New specification, supported by leading LF AI & Data member organizations IBM and Red Hat, as well as other organizations including ABBYY, complements the Docling open source project

SAN FRANCISCO, June 9, 2026 /PRNewswire/ — LF AI & Data Foundation, the premier organization supporting open source innovation in artificial intelligence and data under the Linux Foundation, today announced the formation of the DocLang Specification Working Group.
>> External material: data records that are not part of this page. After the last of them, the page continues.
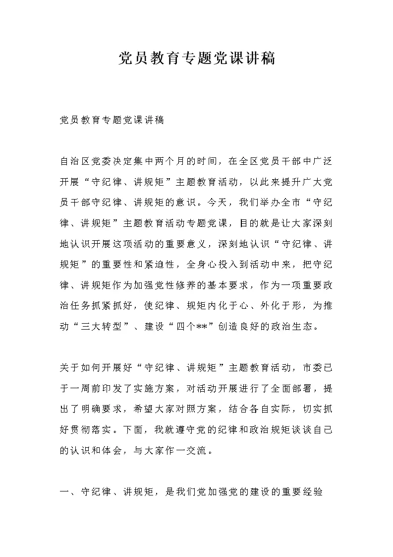 党员教育专题党课讲稿
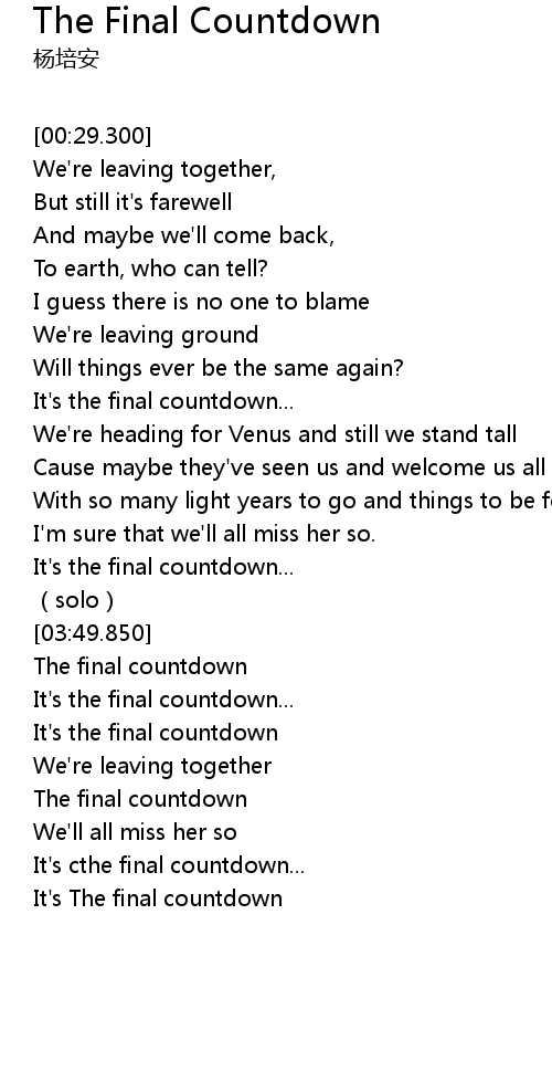 | [04:03.510] | The final countdown |
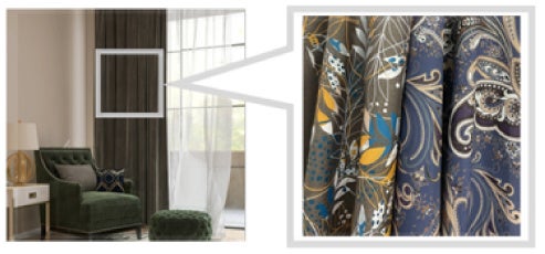 DTFプリント方式は、プリントシステム1台で綿、混紡やポリエステルなどの幅広い生地に、また濃色の生地への鮮明な加飾が可能です(図2)。さらに従来機からプリント幅を約2倍に拡張し、比較的広幅なインテリアファブリックのオリジナルプリントが可能になりました。特に濃色の生地の種類が多い市販のカーテンやフロアマットを簡単に加飾し色鮮やかなオリジナルインテリアを手軽に制作できます。(図3)。
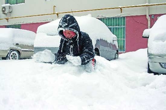 30日,威海一小区内一个小孩在厚厚的积雪中玩耍。本报记者 冯砚农 摄
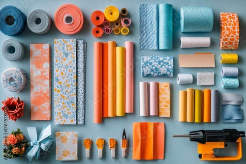 Colorful sewing supplies arranged in neat geometric layout on orange background
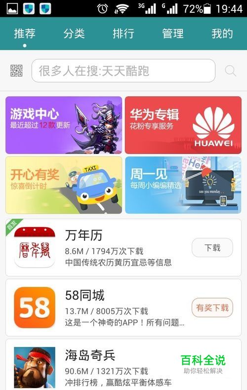 在华为应用市场首页的上方,有一行菜单栏,点击其中的“管理”选项,如图所示。
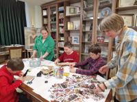 Проходя испытания, гостям библиотеки необходимо придумать мем про библиотеку, найти книгу, собрать карту Псковской области, сделать куклу-оберег в народном костюме, помыть страницы из книги, пройти викторину.
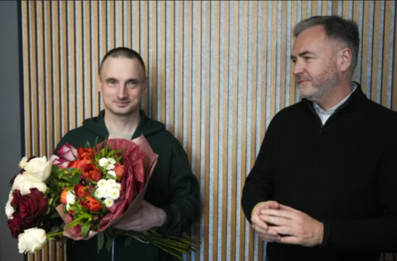 Андрэй Кузьнечык на волі. Вільня, 13 лютага 2025. Фота: Радыё Свабода
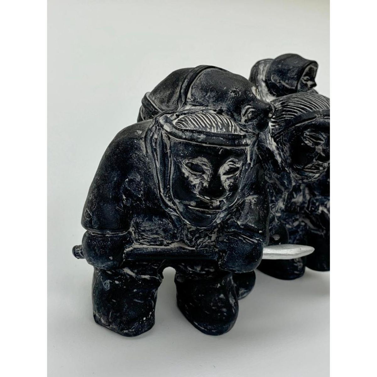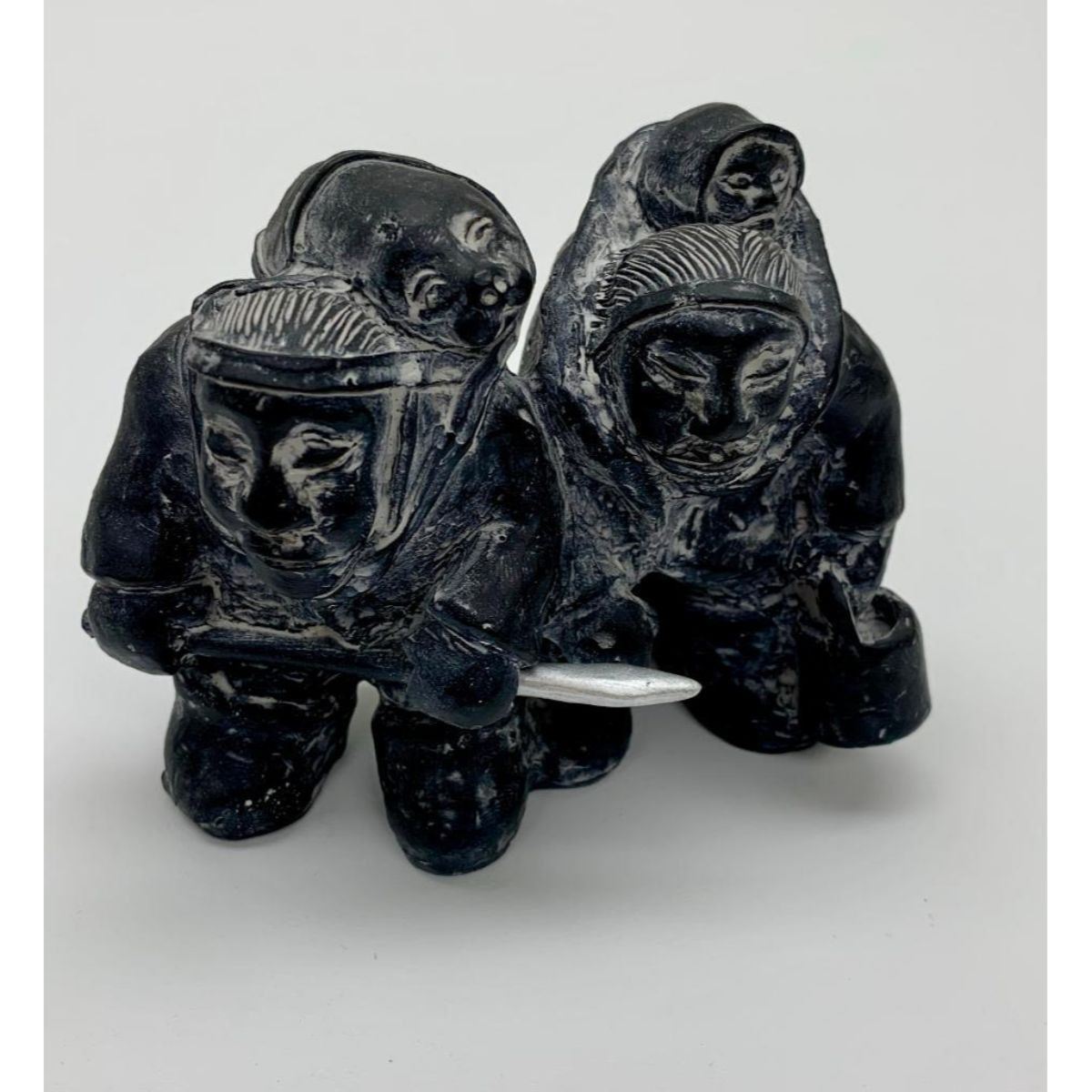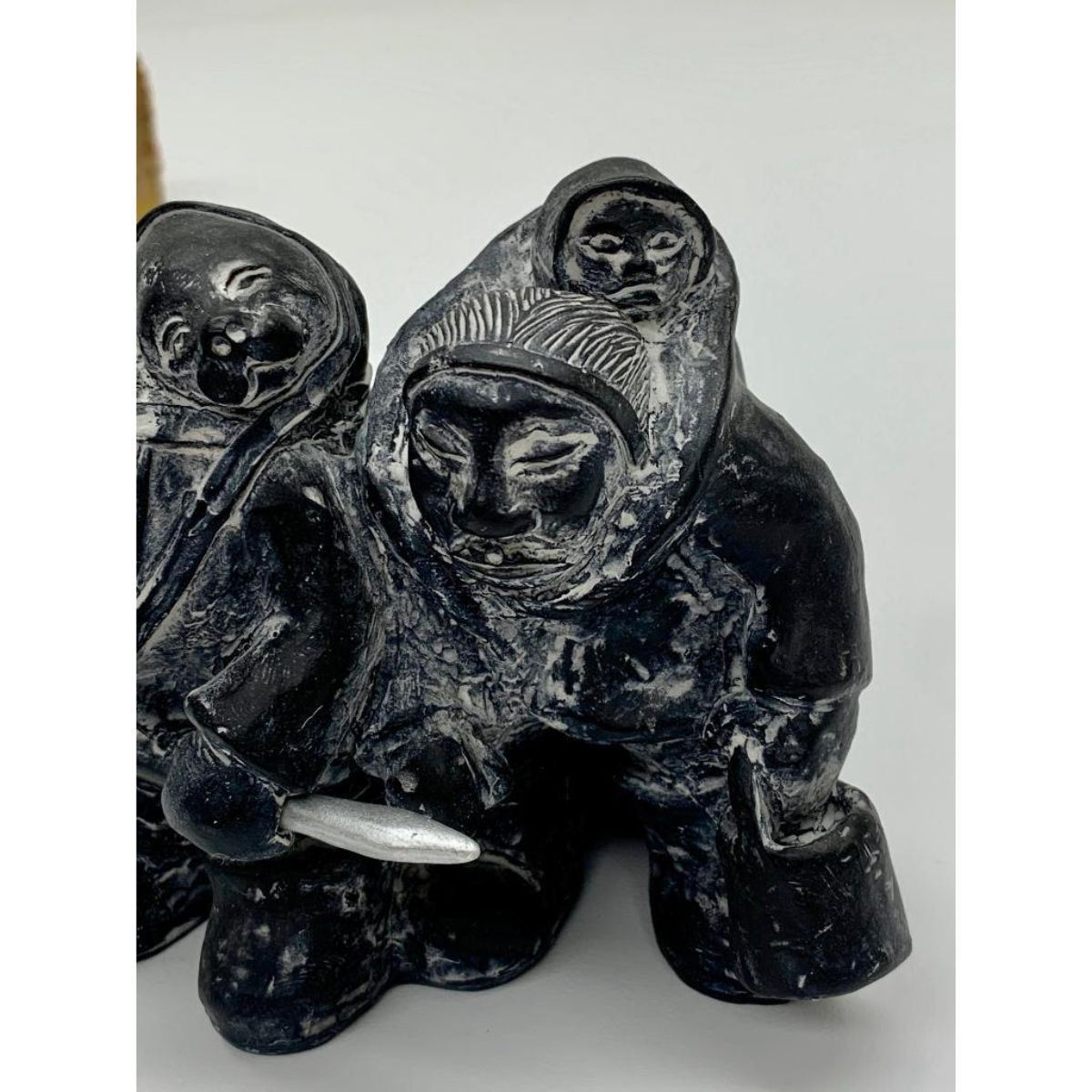 A pair of hand painted Inuit statues, with an inlaid carved mother of peal knife. Please see photos for further details.Â

This working group supports a new collaborative standards development initiative to develop DocLang, an open, universal, AI-native document format designed to improve how enterprises prepare, exchange, and govern document data for AI systems.

LF AI & Data Foundation

Founded by LF AI & Data premier members IBM, NVIDIA, and Red Hat, as well as contributors ABBYY and HumanSignal, the DocLang Working Group will operate under Joint Development Foundation’s vendor-neutral, open governance model to develop and maintain a specification that supports more reliable, interoperable document processing across AI and agentic workflows.

“Documents remain one of the most important sources of enterprise knowledge, but most were never designed for AI-driven workflows,” said Mark Collier, general manager of AI & Infrastructure at the Linux Foundation and executive director of LF AI & Data. “With the launch of the DocLang Working Group, we are bringing the open source community together to develop a vendor-neutral, interoperable standard that helps organizations prepare document data for AI more reliably, transparently, and at scale. Combined with projects like Docling, this effort can help create a more open foundation for document understanding across the AI ecosystem.”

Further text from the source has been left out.